You have until Thursday to comment on FIPS-199. FIPS-199 is a new process for categorizing non-classified IT systems in nine different risk "boxes" drafted by the National Institute of Standards and Technology.

According to Ron Ross, NIST's director of the National Information Assurance Partnership, FIPS-199 "is part of the NIST effort to give federal agencies guidance on the level of security controls they need in meeting the classic security areas of Confidentiality, Integrity and Availability."

FIPS-199"is part of the NIST effort to give federal agencies guidance on the level of security controls they need."

As drafted, FIPS-199 creates a matrix of nine charted boxes for cross-referencing specific requirements for Low-, Moderate- and High Risk information and systems.
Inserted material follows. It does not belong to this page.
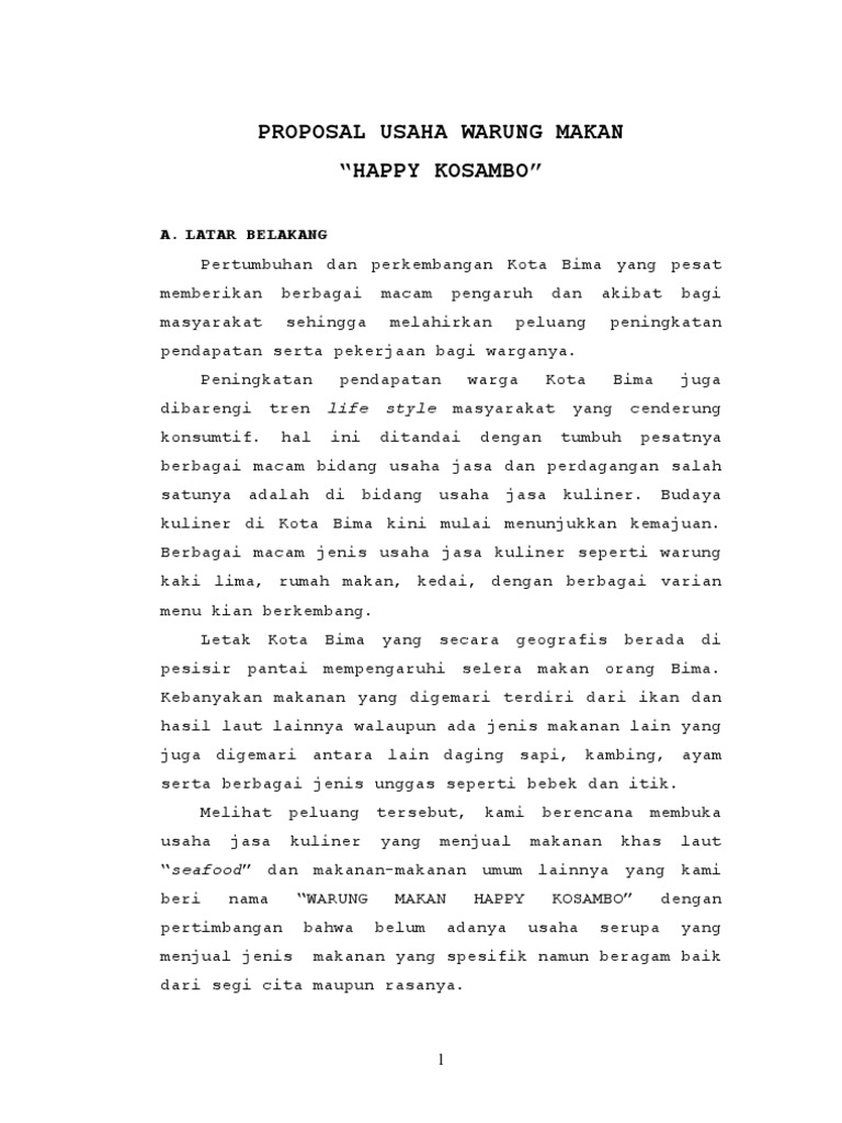 Contoh Proposal Usaha Rumah Makan Pdf Sketsa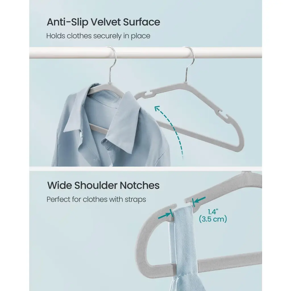 Designed for children's clothing, these 14x8 inch velvet hangers feature a non-slip surface and wide shoulder notches to securely hold delicate garments like dresses and camisoles. The sturdy ABS plastic and metal hook support up to 11 lbs per hanger, while the slim 0.2" profile maximizes closet space. With 360° swivel hooks and a gentle curved design, they help maintain clothing shape without marks, ideal for kids aged 7-15. Size per Hanger: 14"W x 8"H (35 x 20 cm) Total Weight of 50 Hangers: 5.5 lb (2.5 kg) Max. Static Load Capacity per Hanger: 11 lb (5 kg) Design Patent Pending, Appl. No. US29/941,124

Ross said the new Federal Information Processing Standard draws on the method by which classified systems are categorized, where a Top Secret system might be defined by the "impact of its loss" on a national mission.
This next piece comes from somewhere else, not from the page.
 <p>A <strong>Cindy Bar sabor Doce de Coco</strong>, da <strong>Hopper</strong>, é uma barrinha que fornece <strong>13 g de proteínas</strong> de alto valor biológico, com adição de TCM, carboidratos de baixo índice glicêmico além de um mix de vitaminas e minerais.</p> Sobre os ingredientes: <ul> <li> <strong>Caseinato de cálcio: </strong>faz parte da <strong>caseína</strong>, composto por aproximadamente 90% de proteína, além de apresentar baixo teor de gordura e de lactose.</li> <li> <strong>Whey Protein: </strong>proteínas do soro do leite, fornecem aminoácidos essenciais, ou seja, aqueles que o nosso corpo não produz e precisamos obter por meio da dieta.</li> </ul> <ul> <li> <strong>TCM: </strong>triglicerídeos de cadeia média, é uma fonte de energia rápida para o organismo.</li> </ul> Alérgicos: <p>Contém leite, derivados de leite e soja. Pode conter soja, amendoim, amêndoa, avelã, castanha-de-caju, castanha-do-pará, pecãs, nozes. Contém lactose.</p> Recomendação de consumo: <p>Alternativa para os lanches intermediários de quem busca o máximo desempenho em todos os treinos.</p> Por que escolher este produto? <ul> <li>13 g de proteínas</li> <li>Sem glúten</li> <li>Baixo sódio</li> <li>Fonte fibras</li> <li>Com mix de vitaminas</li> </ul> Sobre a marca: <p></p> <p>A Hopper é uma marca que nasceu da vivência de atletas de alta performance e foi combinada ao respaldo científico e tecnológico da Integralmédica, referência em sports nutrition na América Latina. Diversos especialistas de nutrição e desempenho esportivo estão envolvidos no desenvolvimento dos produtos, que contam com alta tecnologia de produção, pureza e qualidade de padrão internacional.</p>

Ross said many non-national security systems running today nonetheless need to meet tougher requirements because they might contain information related to critical infrastructure, terrorist alerts, witness protection, sensitive citizen information, etc.

Something like medical privacy data can be subject to varying levels of non-disclosure law and regulation, and agencies maintaining such data need a better grasp on how to make sure basic controls are implemented to assure compliance, Ross told an Energy department computer security conference last month.

The FIPS-199 effort dovetails with work being done on NIST special publication 800-53, which will standardize Minimum Security Controls for agency IT. Ross said the 800-53 process has led officials to examine and often incorporate existing standards from across many agency-specific processes, including the Defense department, the National Security Agency, the Central Intelligence Agency, ISO 17799 and elsewhere.

A draft of Special Publication 800-53 is also expected out this summer.